■ Exercise prompt:
Under this line are the records; repeat exactly the lines starting at the one containing "Selger 1 fag" and ending at the one containing "Praktisk barnstol för", omitting pictures.
-- Data under study follows --
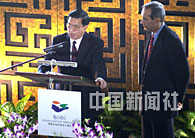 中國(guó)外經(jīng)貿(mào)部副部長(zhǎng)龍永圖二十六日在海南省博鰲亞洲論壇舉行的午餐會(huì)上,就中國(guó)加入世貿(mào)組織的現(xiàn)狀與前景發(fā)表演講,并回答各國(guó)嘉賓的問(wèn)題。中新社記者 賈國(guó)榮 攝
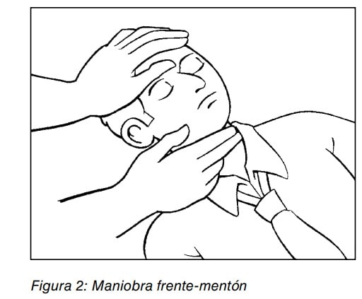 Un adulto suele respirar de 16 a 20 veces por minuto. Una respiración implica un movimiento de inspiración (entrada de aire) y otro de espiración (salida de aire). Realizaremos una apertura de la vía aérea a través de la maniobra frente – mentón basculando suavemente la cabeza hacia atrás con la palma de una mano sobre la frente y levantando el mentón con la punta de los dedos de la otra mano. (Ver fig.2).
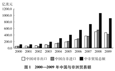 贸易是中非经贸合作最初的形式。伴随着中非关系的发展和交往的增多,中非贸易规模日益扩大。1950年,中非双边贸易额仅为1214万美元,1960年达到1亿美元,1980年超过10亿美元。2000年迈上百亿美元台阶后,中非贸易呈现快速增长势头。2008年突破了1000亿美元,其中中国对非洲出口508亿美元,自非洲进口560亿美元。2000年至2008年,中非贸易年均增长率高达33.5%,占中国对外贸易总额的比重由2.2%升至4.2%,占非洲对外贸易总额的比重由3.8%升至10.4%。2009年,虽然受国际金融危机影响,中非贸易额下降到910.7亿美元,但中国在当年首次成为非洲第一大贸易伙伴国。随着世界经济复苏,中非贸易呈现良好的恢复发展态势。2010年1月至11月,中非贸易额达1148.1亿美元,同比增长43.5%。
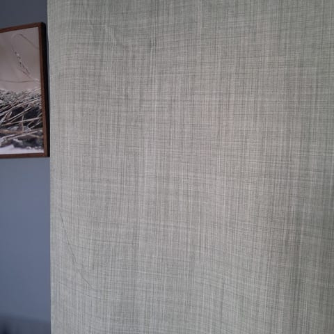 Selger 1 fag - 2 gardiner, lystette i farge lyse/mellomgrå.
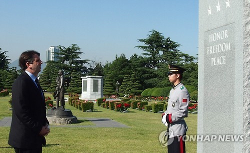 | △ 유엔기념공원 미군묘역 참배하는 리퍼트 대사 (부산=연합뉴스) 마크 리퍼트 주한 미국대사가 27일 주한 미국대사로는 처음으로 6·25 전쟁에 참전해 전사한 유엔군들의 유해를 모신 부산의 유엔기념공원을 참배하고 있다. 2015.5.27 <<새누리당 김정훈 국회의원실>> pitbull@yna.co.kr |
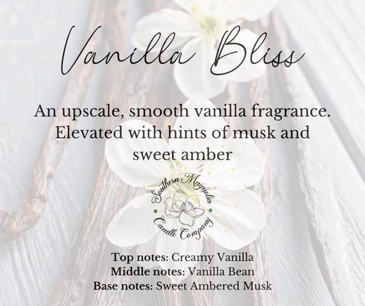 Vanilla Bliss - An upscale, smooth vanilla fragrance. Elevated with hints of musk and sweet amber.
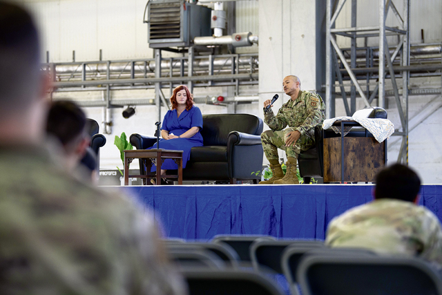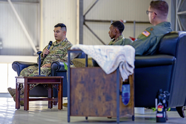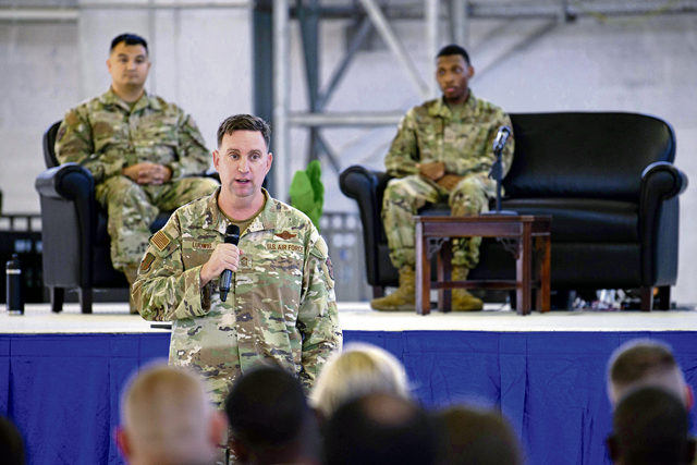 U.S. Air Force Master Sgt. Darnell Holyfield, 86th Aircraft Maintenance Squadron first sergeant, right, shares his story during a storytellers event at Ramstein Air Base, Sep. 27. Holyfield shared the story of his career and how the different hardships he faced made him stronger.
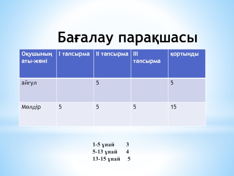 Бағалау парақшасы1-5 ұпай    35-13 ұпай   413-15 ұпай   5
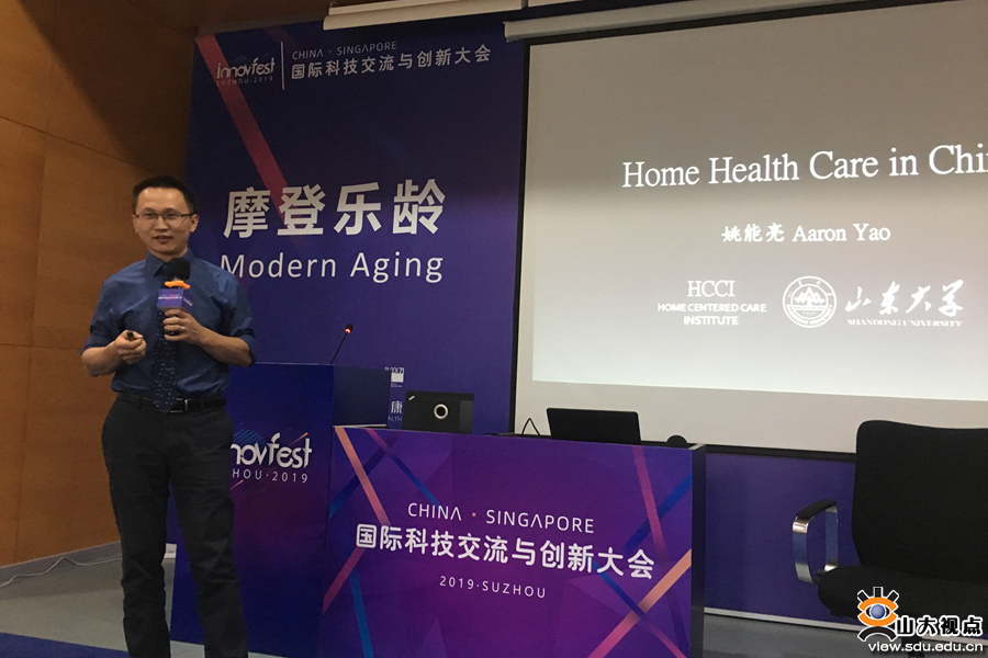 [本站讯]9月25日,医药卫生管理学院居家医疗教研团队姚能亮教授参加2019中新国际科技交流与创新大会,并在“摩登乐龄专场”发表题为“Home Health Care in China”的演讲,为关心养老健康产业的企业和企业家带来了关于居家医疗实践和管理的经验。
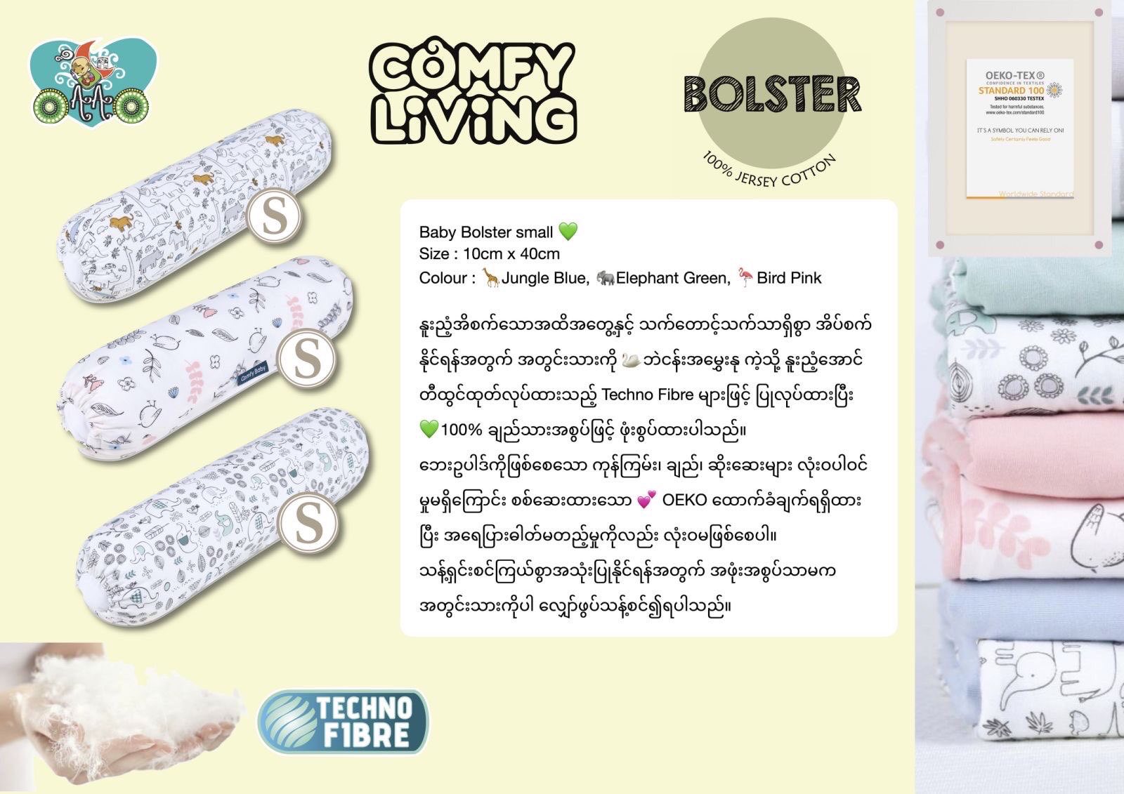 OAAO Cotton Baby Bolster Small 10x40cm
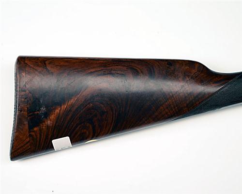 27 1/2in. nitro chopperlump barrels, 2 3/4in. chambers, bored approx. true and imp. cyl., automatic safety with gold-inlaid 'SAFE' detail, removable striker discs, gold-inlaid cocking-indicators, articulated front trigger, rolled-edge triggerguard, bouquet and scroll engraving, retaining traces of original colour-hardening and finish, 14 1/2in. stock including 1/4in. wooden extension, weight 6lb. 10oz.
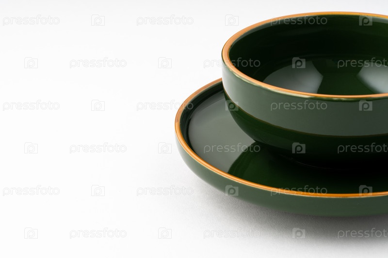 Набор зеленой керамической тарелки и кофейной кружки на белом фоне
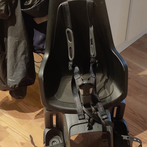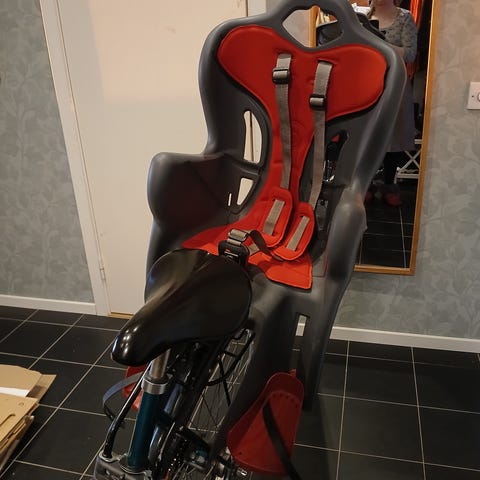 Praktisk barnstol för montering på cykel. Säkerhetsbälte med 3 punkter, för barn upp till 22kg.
-- Data under study concluded --
-- Data under study follows --
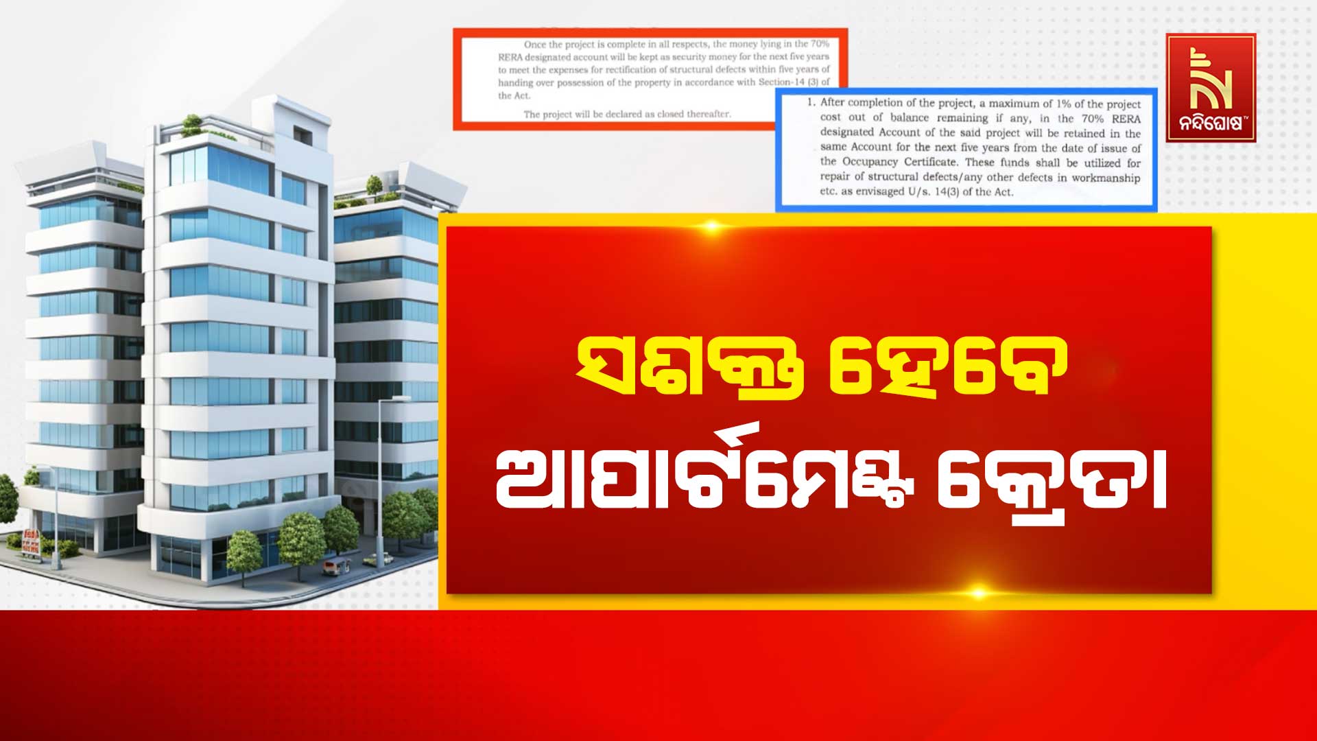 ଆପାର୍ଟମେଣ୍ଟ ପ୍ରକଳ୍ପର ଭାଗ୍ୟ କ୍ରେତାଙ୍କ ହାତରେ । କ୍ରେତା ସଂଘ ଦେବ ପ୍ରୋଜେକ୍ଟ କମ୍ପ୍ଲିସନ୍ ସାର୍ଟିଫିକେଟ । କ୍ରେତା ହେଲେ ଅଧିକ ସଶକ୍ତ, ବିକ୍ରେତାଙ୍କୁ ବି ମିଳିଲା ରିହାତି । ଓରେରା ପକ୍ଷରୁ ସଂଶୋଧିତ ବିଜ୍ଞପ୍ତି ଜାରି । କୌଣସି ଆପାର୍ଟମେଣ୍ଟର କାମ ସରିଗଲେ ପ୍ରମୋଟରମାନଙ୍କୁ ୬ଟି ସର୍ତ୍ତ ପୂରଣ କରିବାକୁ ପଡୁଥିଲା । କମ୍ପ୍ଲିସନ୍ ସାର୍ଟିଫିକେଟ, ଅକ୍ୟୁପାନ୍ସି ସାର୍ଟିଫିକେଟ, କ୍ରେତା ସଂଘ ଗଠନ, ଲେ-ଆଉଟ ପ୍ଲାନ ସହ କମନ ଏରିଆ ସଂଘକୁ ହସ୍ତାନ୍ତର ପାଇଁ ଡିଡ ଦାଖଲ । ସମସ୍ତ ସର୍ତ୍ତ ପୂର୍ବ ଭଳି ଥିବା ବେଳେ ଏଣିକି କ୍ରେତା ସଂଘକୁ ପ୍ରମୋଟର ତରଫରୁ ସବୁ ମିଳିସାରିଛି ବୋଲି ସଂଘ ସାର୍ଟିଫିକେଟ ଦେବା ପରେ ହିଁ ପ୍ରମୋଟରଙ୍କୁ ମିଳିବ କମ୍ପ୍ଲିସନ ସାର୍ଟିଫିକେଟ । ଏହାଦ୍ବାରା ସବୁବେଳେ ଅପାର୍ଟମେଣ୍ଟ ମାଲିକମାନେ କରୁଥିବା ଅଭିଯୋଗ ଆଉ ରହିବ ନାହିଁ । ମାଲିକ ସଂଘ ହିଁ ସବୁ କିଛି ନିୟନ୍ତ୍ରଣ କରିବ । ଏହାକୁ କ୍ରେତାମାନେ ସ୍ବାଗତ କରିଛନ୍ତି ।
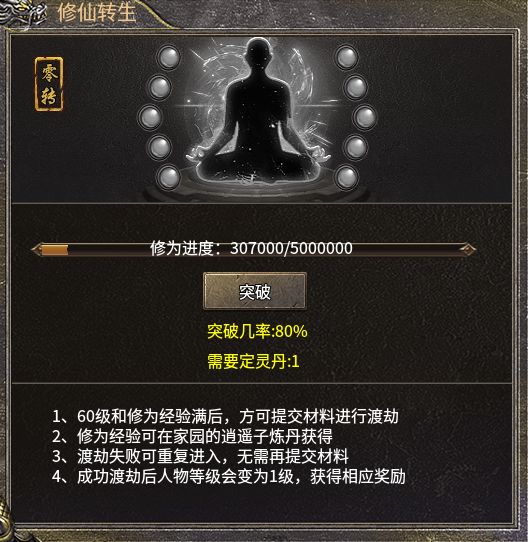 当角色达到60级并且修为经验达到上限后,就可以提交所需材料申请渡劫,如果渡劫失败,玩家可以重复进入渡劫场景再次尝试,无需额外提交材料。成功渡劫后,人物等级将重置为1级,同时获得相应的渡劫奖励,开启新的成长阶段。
-- Data under study concluded --
-- Data under study follows --
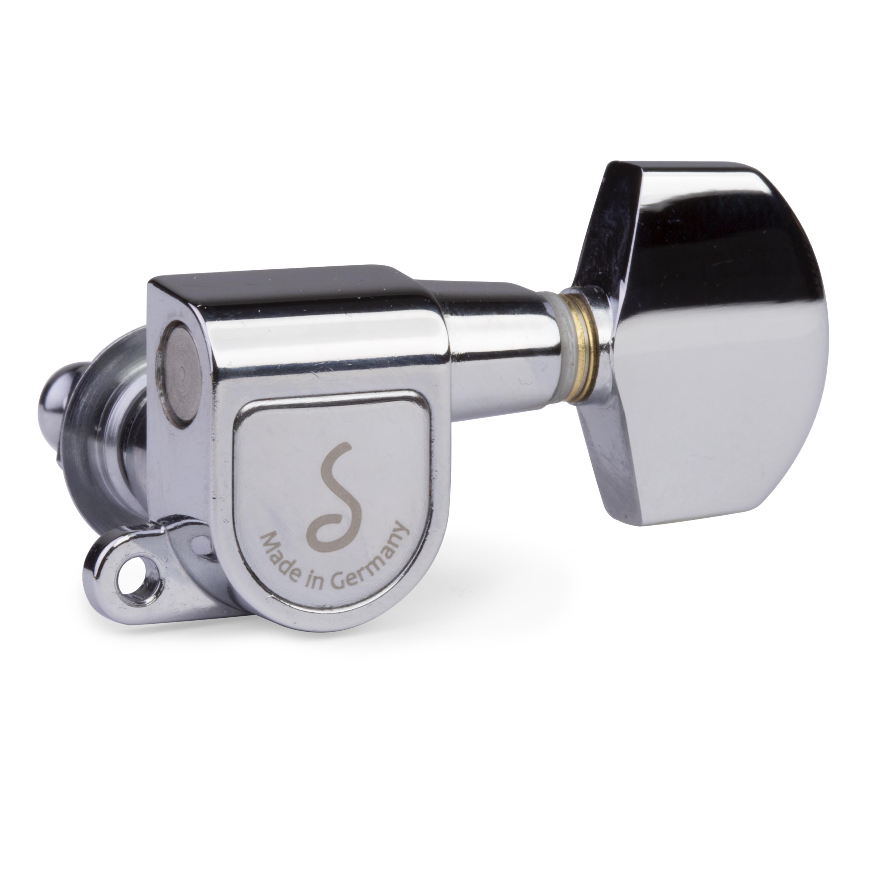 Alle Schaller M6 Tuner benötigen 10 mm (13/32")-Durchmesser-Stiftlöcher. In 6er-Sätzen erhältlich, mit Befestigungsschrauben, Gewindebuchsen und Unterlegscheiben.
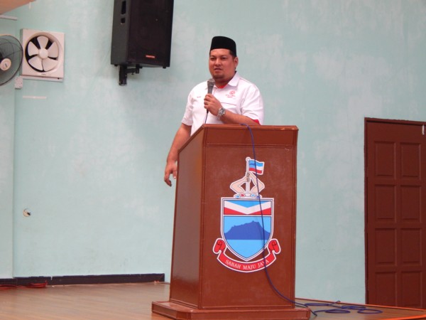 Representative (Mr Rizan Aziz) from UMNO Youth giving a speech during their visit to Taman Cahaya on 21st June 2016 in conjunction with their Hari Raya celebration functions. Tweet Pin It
-- Data under study concluded --
■ Response:
 Selger 1 fag - 2 gardiner, lystette i farge lyse/mellomgrå.
 | △ 유엔기념공원 미군묘역 참배하는 리퍼트 대사 (부산=연합뉴스) 마크 리퍼트 주한 미국대사가 27일 주한 미국대사로는 처음으로 6·25 전쟁에 참전해 전사한 유엔군들의 유해를 모신 부산의 유엔기념공원을 참배하고 있다. 2015.5.27 <<새누리당 김정훈 국회의원실>> pitbull@yna.co.kr |
 Vanilla Bliss - An upscale, smooth vanilla fragrance. Elevated with hints of musk and sweet amber.
 U.S. Air Force Master Sgt. Darnell Holyfield, 86th Aircraft Maintenance Squadron first sergeant, right, shares his story during a storytellers event at Ramstein Air Base, Sep. 27. Holyfield shared the story of his career and how the different hardships he faced made him stronger.
 Бағалау парақшасы1-5 ұпай    35-13 ұпай   413-15 ұпай   5
 [本站讯]9月25日,医药卫生管理学院居家医疗教研团队姚能亮教授参加2019中新国际科技交流与创新大会,并在“摩登乐龄专场”发表题为“Home Health Care in China”的演讲,为关心养老健康产业的企业和企业家带来了关于居家医疗实践和管理的经验。
 OAAO Cotton Baby Bolster Small 10x40cm
 27 1/2in. nitro chopperlump barrels, 2 3/4in. chambers, bored approx. true and imp. cyl., automatic safety with gold-inlaid 'SAFE' detail, removable striker discs, gold-inlaid cocking-indicators, articulated front trigger, rolled-edge triggerguard, bouquet and scroll engraving, retaining traces of original colour-hardening and finish, 14 1/2in. stock including 1/4in. wooden extension, weight 6lb. 10oz.
 Набор зеленой керамической тарелки и кофейной кружки на белом фоне
 Praktisk barnstol för montering på cykel. Säkerhetsbälte med 3 punkter, för barn upp till 22kg.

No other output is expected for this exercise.